## [What you need to do]
For the material below, output exactly the span from the line with "Colorful Cat Abduction" to the line with "Ibid. Maureen A", including both, and nothing besides.

## [Listed entries]
╔══

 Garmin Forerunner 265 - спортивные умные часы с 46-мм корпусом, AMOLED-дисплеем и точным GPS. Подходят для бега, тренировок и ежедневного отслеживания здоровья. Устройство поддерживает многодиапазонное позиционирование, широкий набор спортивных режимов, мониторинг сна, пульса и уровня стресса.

╚══
╔══

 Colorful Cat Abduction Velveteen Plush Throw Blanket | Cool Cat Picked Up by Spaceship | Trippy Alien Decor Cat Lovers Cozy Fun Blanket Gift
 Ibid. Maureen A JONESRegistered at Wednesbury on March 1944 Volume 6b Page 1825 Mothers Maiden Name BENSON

╚══
╔══

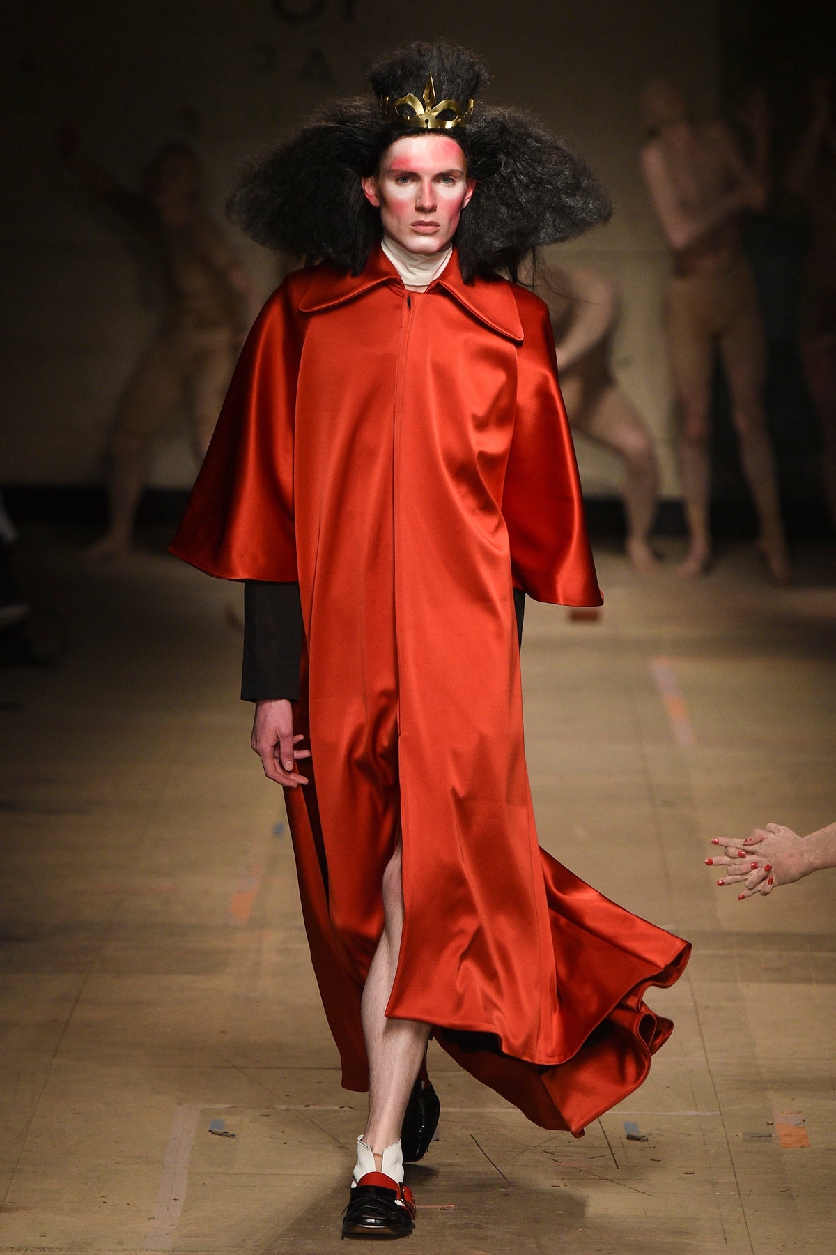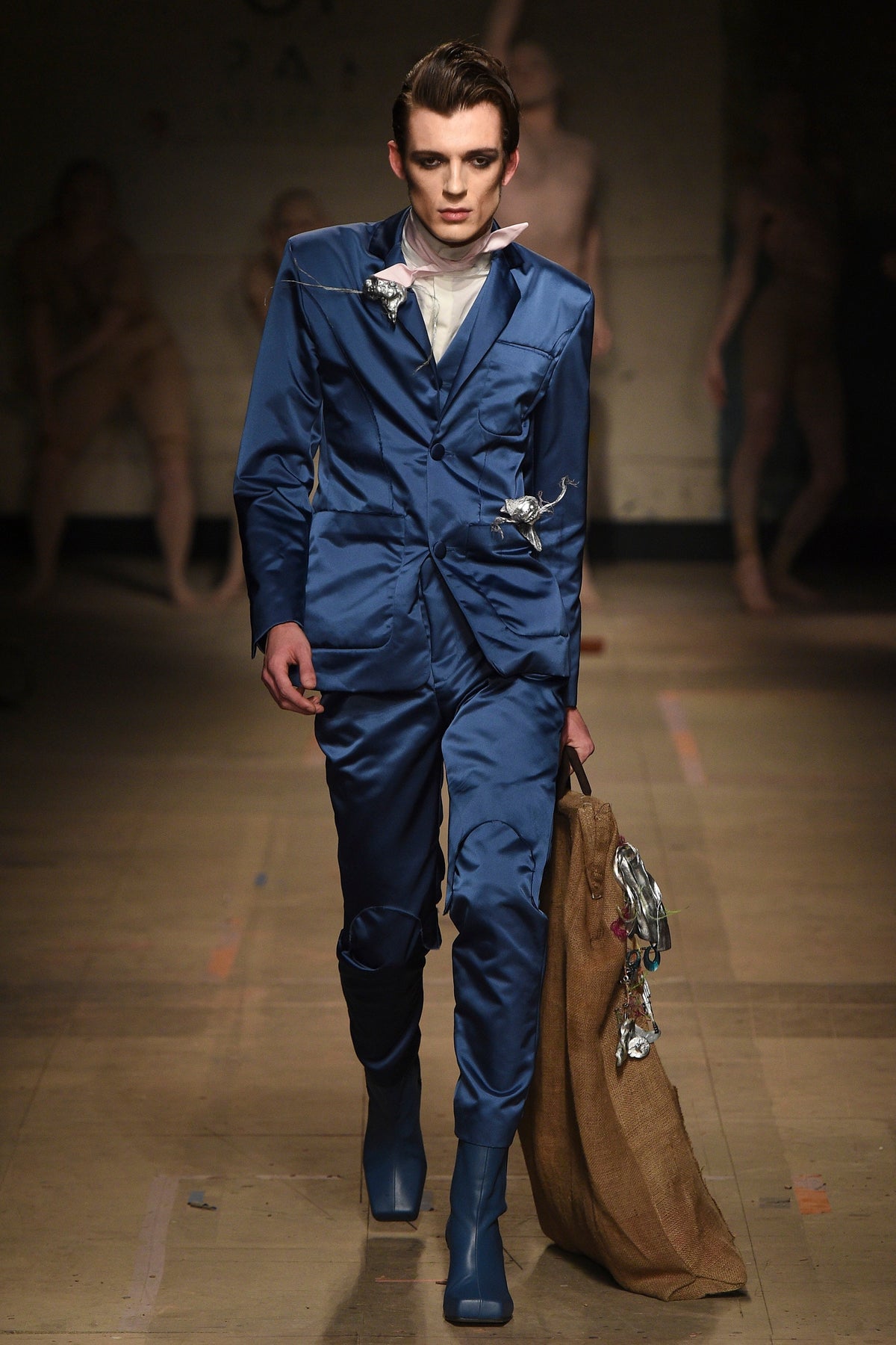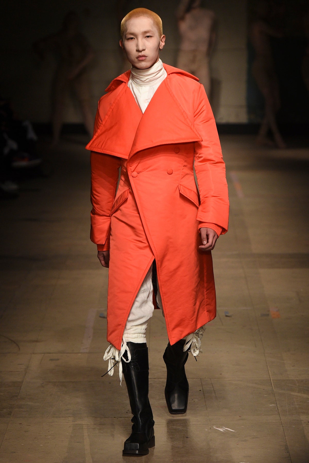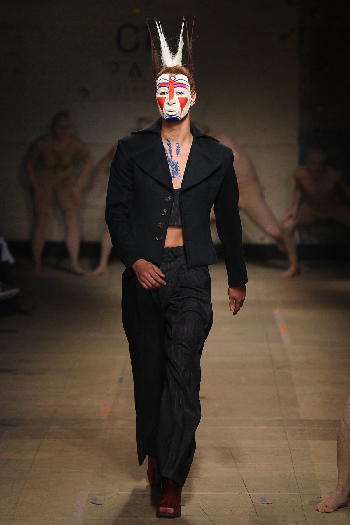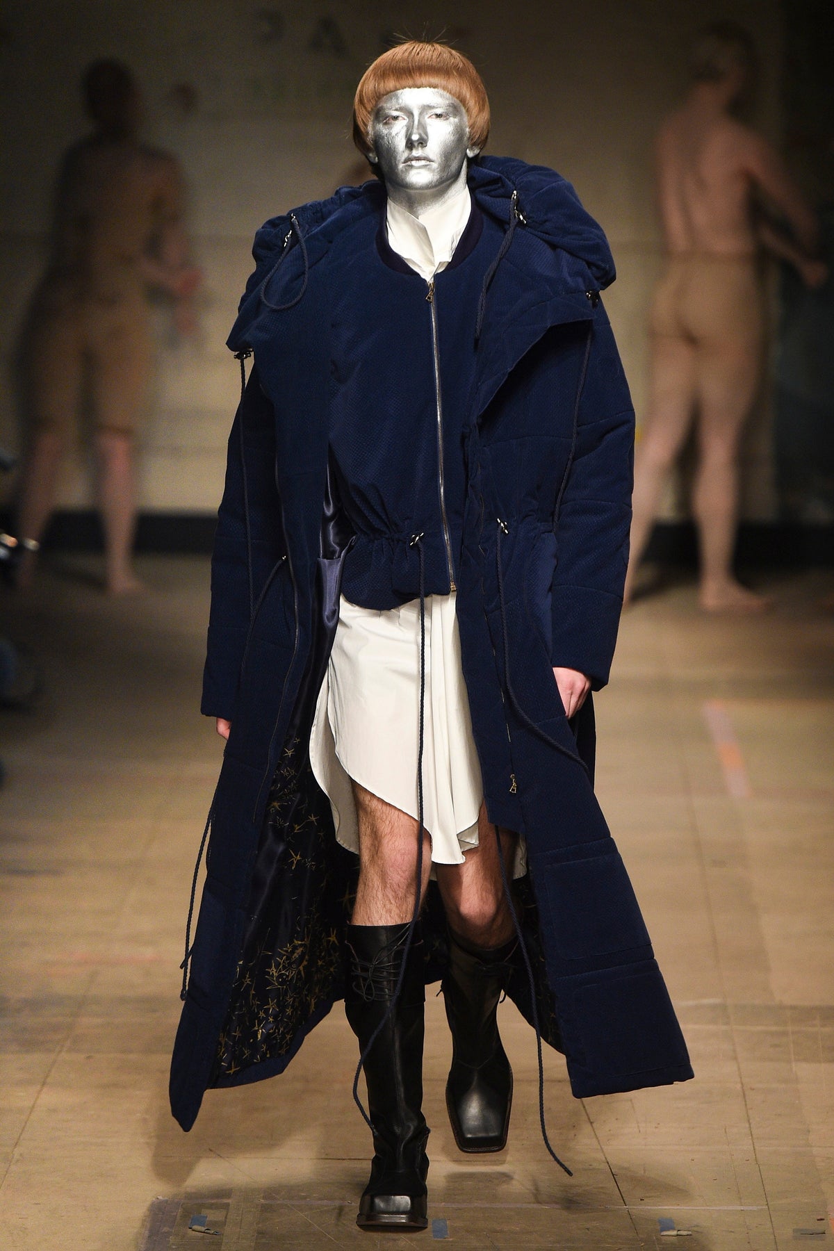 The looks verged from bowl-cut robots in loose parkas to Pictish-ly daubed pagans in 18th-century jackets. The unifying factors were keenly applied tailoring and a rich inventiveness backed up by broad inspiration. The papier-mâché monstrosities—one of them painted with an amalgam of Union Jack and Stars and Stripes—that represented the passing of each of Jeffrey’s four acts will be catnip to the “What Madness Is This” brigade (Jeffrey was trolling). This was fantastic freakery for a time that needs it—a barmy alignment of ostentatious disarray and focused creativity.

╚══

## [Result for this exercise]
 Colorful Cat Abduction Velveteen Plush Throw Blanket | Cool Cat Picked Up by Spaceship | Trippy Alien Decor Cat Lovers Cozy Fun Blanket Gift
 Ibid. Maureen A JONESRegistered at Wednesbury on March 1944 Volume 6b Page 1825 Mothers Maiden Name BENSON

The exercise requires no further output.